▸ **DATASET ENTRIES**:

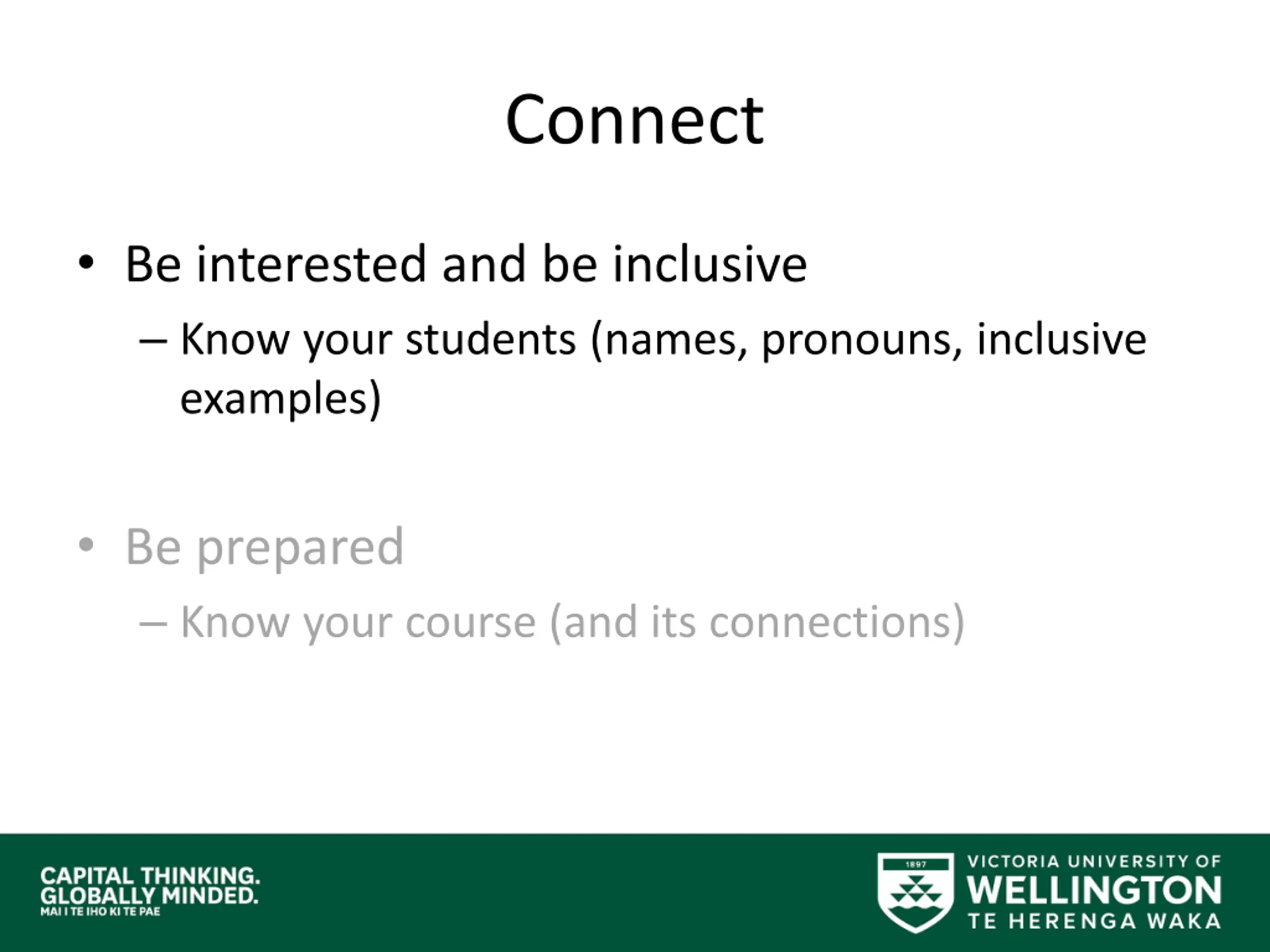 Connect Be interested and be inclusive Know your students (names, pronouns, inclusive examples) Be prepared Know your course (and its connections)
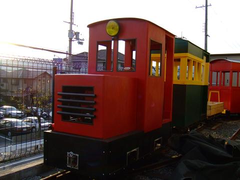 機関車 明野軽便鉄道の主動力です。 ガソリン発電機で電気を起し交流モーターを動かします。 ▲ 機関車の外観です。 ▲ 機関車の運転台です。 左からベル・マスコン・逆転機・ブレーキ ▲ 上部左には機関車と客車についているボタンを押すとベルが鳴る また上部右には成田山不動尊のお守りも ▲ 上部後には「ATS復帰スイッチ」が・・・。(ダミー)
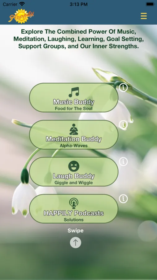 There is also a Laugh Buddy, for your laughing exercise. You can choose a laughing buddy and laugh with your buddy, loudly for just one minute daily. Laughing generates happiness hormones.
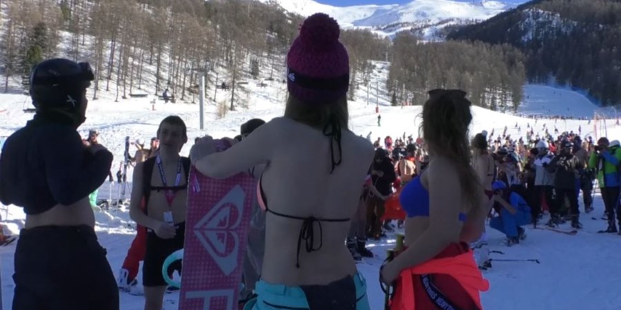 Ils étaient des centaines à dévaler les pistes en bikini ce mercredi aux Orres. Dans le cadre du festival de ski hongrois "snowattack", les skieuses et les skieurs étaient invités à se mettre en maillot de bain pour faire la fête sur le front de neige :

---

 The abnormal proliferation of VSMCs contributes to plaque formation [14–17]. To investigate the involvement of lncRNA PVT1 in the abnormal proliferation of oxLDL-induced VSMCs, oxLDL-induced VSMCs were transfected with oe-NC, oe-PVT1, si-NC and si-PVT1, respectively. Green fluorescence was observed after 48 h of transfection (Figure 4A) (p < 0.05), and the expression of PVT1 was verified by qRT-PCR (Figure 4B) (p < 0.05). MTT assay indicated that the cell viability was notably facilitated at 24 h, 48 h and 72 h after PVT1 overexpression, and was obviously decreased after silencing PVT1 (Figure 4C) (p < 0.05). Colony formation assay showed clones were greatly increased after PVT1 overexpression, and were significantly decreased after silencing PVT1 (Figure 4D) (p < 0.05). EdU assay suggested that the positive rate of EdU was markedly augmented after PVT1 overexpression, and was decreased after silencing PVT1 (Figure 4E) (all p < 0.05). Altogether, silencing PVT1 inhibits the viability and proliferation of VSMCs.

▸ **WHAT YOU NEED TO DO**: Repeat exactly the lines above, from the line that contains "機関車 明野軽便鉄道の主動力です。 ガソリン発電機で電気を起し交流モーターを動かします。" down through the line that contains "Ils étaient des". Include both of those lines and none of the pictures.

▸ **REPLY**:
 機関車 明野軽便鉄道の主動力です。 ガソリン発電機で電気を起し交流モーターを動かします。 ▲ 機関車の外観です。 ▲ 機関車の運転台です。 左からベル・マスコン・逆転機・ブレーキ ▲ 上部左には機関車と客車についているボタンを押すとベルが鳴る また上部右には成田山不動尊のお守りも ▲ 上部後には「ATS復帰スイッチ」が・・・。(ダミー)
 There is also a Laugh Buddy, for your laughing exercise. You can choose a laughing buddy and laugh with your buddy, loudly for just one minute daily. Laughing generates happiness hormones.
 Ils étaient des centaines à dévaler les pistes en bikini ce mercredi aux Orres. Dans le cadre du festival de ski hongrois "snowattack", les skieuses et les skieurs étaient invités à se mettre en maillot de bain pour faire la fête sur le front de neige :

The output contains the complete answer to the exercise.